▶ _YOUR OBJECTIVE_
For the listing below, the answer is an exact retyping of the lines from the one with "es eine Außenbeleuchtung." through the one with "מזג האוויר הסתווי", both included, without pictures.

▶ _RECORDS SHOWN_
___

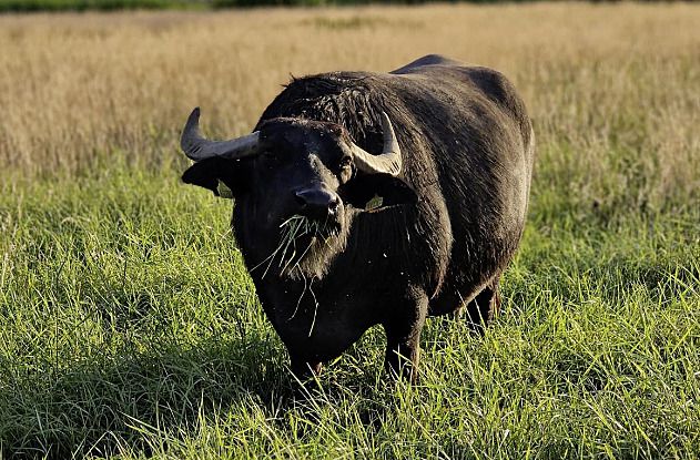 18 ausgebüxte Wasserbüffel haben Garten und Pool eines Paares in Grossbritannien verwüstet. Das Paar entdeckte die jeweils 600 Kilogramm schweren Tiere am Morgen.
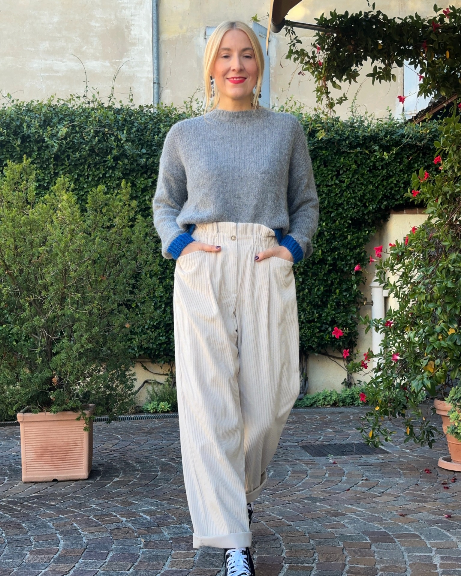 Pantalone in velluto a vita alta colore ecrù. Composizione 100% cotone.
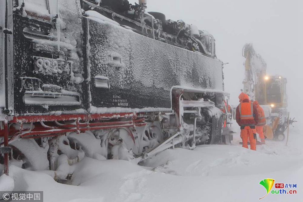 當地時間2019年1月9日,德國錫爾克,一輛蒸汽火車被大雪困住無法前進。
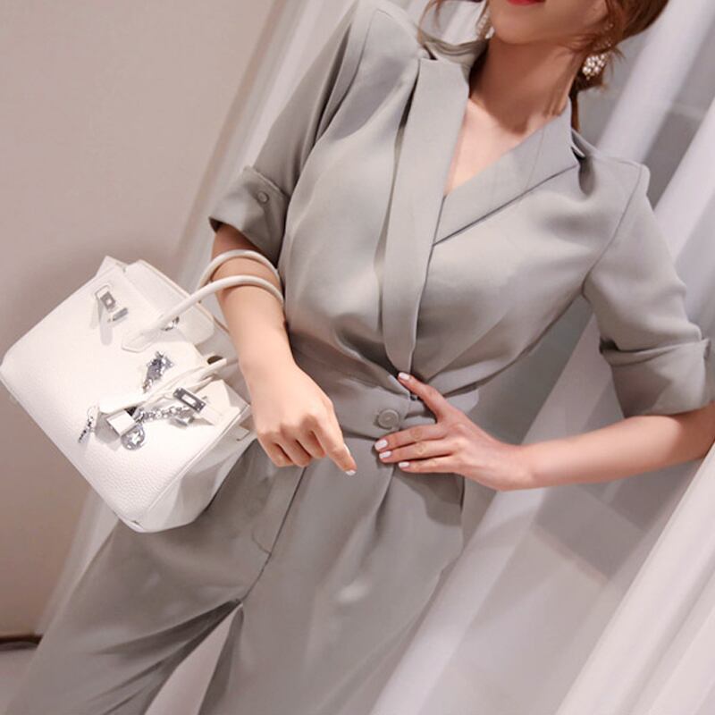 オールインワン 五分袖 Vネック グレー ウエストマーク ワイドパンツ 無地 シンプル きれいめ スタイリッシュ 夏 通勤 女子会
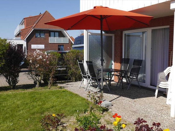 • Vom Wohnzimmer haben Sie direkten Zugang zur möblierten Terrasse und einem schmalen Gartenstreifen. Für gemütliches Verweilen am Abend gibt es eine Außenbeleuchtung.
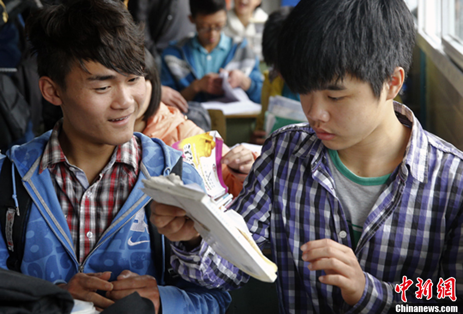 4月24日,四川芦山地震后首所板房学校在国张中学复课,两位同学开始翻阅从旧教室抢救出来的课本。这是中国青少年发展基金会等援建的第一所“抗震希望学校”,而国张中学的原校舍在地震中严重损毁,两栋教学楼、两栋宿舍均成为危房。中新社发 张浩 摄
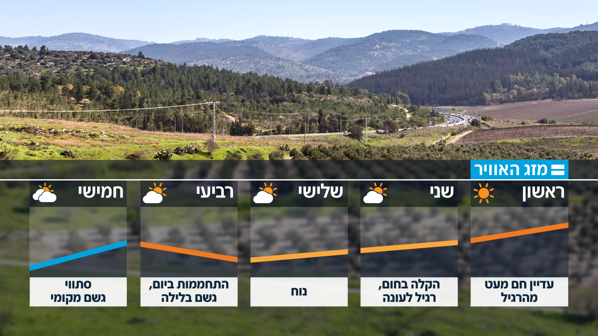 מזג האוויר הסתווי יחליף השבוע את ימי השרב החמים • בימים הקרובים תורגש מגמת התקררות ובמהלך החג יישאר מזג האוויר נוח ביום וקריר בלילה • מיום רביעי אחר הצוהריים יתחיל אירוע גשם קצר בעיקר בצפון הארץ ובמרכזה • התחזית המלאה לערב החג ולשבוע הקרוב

___

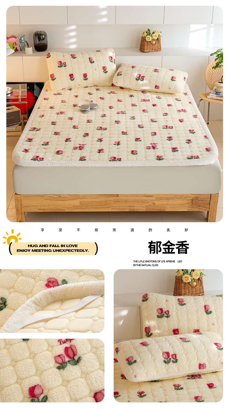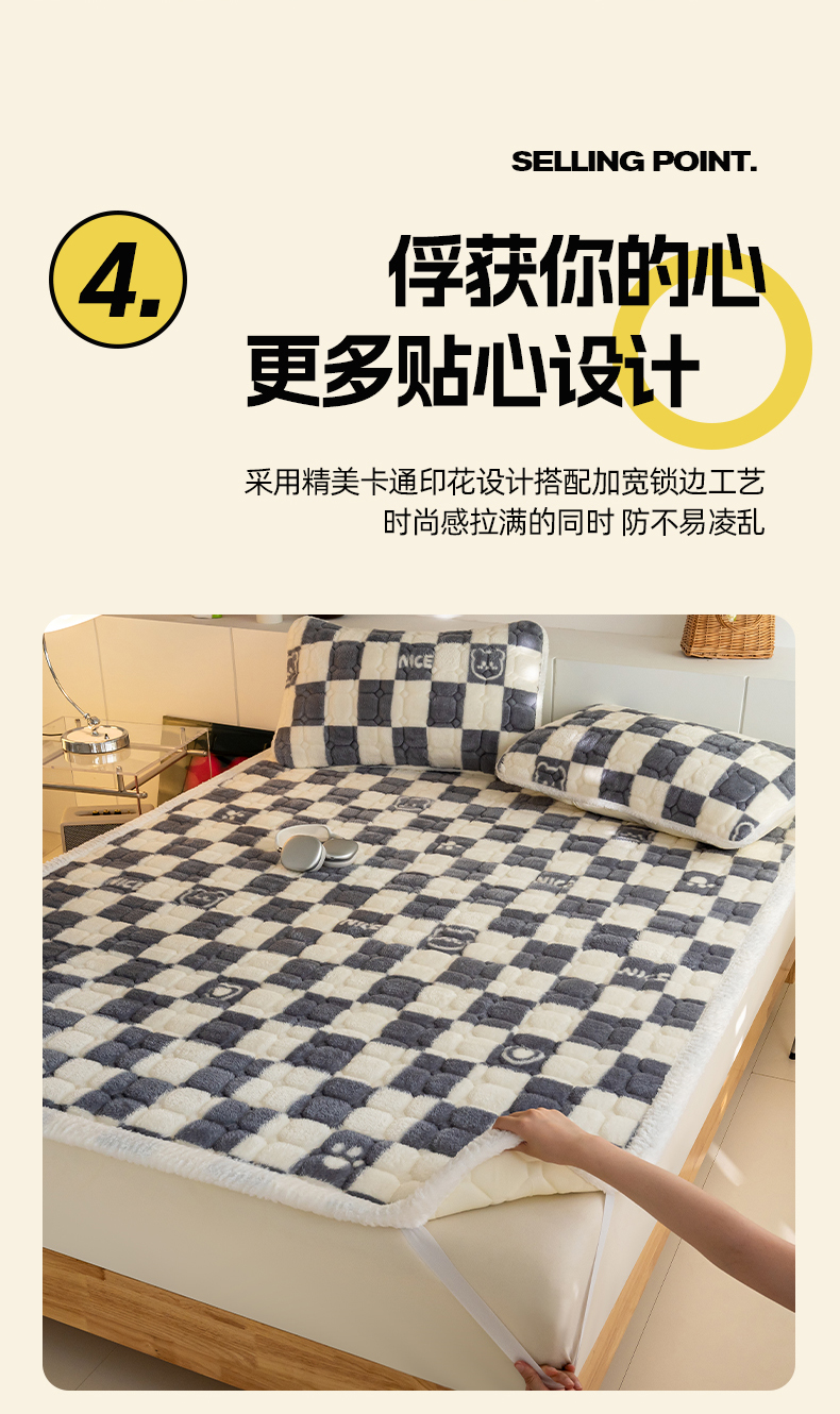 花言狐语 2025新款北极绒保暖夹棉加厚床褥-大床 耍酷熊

___

▶ _ANSWER SPACE_
 • Vom Wohnzimmer haben Sie direkten Zugang zur möblierten Terrasse und einem schmalen Gartenstreifen. Für gemütliches Verweilen am Abend gibt es eine Außenbeleuchtung.
 4月24日,四川芦山地震后首所板房学校在国张中学复课,两位同学开始翻阅从旧教室抢救出来的课本。这是中国青少年发展基金会等援建的第一所“抗震希望学校”,而国张中学的原校舍在地震中严重损毁,两栋教学楼、两栋宿舍均成为危房。中新社发 张浩 摄
 מזג האוויר הסתווי יחליף השבוע את ימי השרב החמים • בימים הקרובים תורגש מגמת התקררות ובמהלך החג יישאר מזג האוויר נוח ביום וקריר בלילה • מיום רביעי אחר הצוהריים יתחיל אירוע גשם קצר בעיקר בצפון הארץ ובמרכזה • התחזית המלאה לערב החג ולשבוע הקרוב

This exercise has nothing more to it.